A trained and certified service dog went beyond her training Saturday evening when she immediately ran for help after her master was struck down by a pickup truck.

Rich Armstrong, a regional sales representative for a steel manufacturer, said he is still in awe at the reaction of his dog “Emma” when his wheel chair was knocked over and into her as they were preparing to see a movie at a McHenry Avenue theater in Modesto.

He said it was an eerie feeling “when you look at that bumper and realize it is not going to stop.”

Armstrong said he told his wife Kayo to go ahead into the show, buy the tickets and popcorn and he would take their dog to an empty lot to relieve herself.  He explained that the young driver of the truck had sun in his eyes and never saw them until they were knocked to the pavement.

Emma just took off running, he said, and didn’t stop until she had dashed up the side of the building, through a crowd of people and into the lobby where she found “her mom” Kayo Armstrong standing in line to buy popcorn.  She instinctively knew she had to get help.

When she saw her dog run up to her she remembers saying, “Where’s daddy?”  The two of them ran out the front of the theater and Emma led her to the accident scene.
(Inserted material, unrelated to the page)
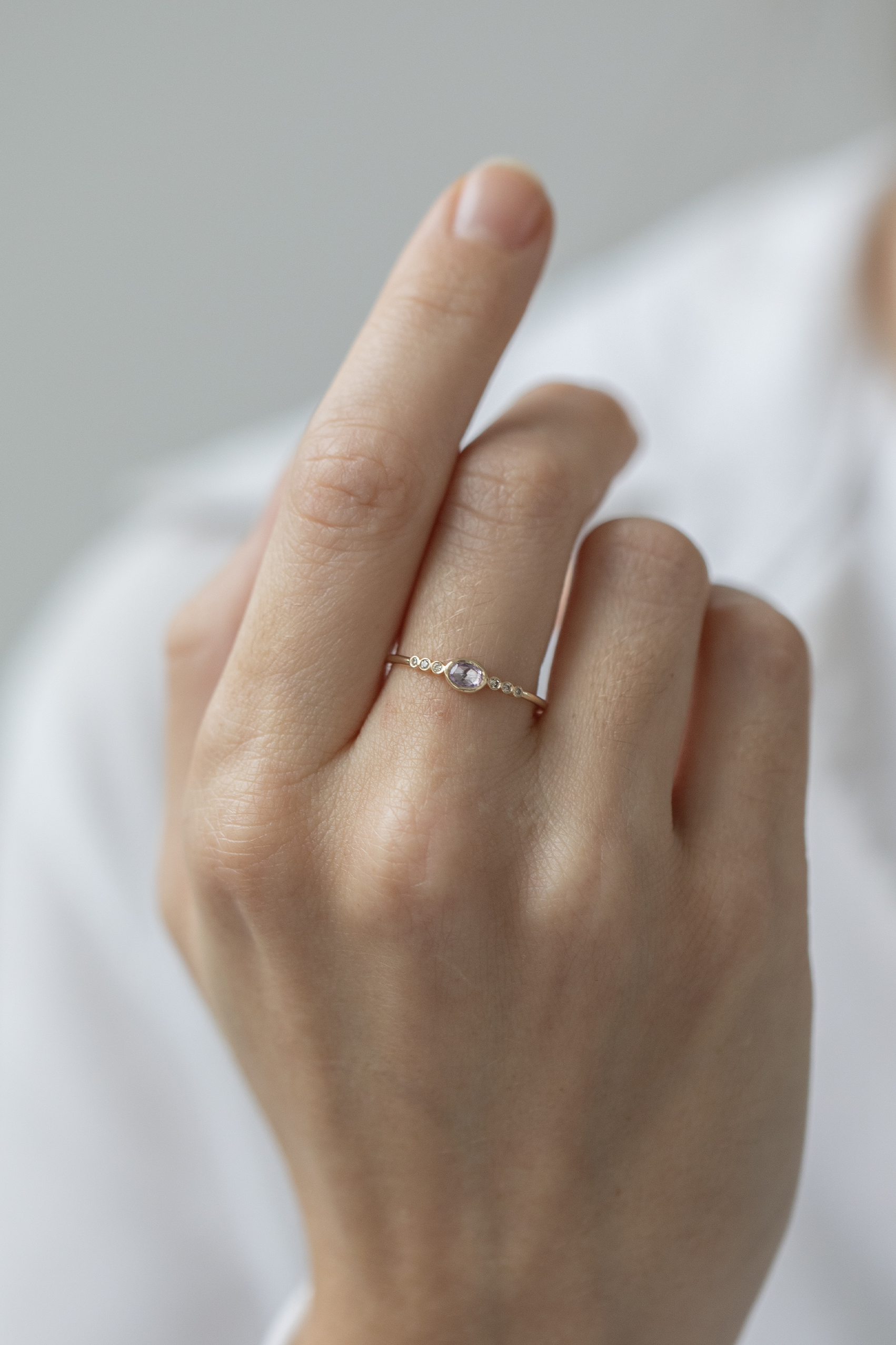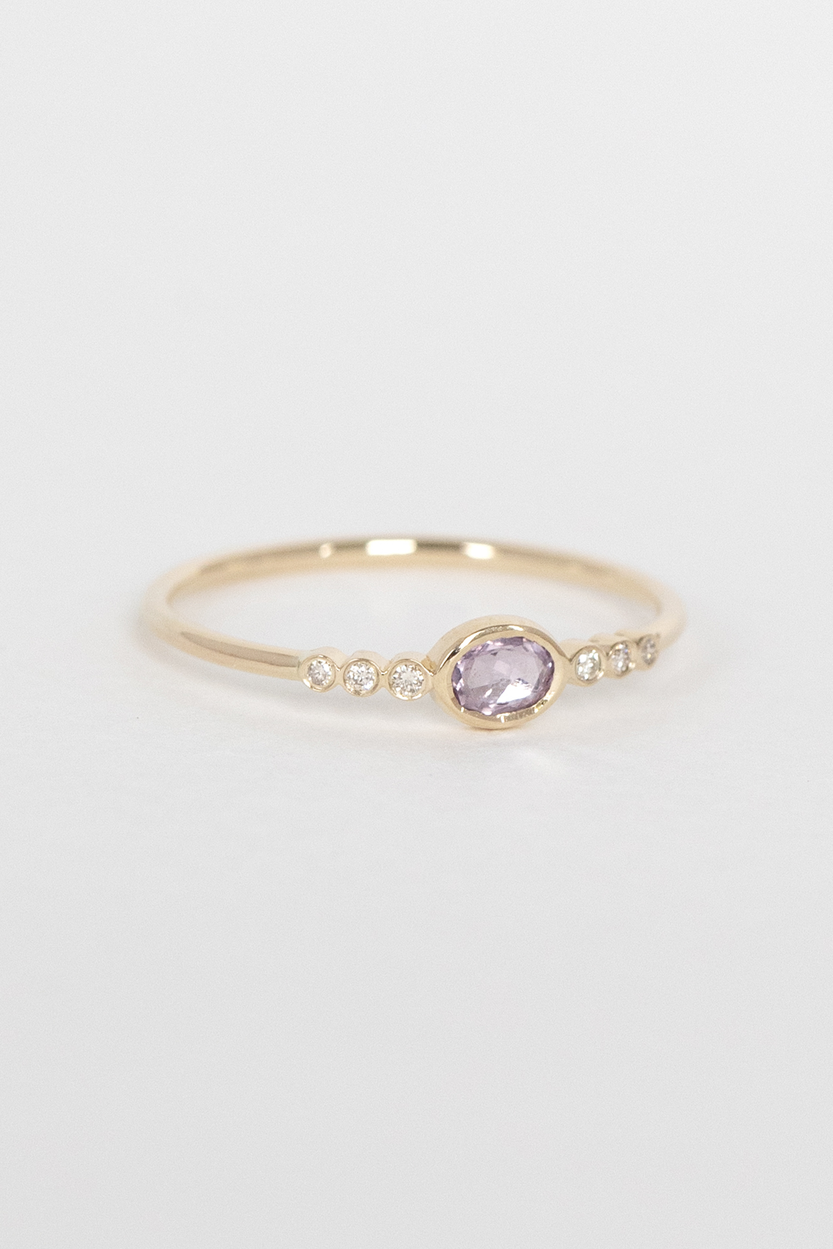 Céline Daoust 14k light yellow gold with one central light pink sapphire and six diamonds. The stone comes in a gradient of light pink.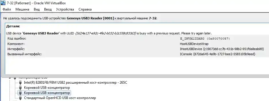 Если в верхней части экрана VirtualBox при попытке пристегнуть флешку постоянно появляется сообщение на английском с окончанием usb device is busy with previous request, решение ошибки может лежать в части валидности самой программы. И здесь вариантов немного, хотя симптомов фоне ошибки море. Если usb device is busy with previous request появляется при подключении любой из флешек, проверьте Диспетчер устройств хозяйской машины.

“I was so stunned and I didn’t know where he was and people were asking me if that was my dog running to me.   We found him lying on the pavement around the corner of the building,” she said.  “If Emma had been on the other side of the wheelchair it would have been horrible.”

Armstrong said Emma knows some 40 on-leash commands adding that she has never been trained to react to any off-leash commands or scenarios.  He added that her reaction was a total surprise to him.    

Only 35 percent of the certified dogs make it through training without being faulted for even the simplest of errors such as chasing a cat on sight.  

Armstrong was transported by ambulance to a Modesto hospital where he was treated and released.  It was necessary for him to be x-rayed since he has no feeling below the waist, he said.  That was the only way to determine if he had any broken bones from the incident, he added.

The loss of the use of his legs was the result of a motorcycle accident some five years ago when someone cut in front of him, he said.

Kayo Armstrong is the executive director of the Del Webb Woodbridge Owners Association in Manteca.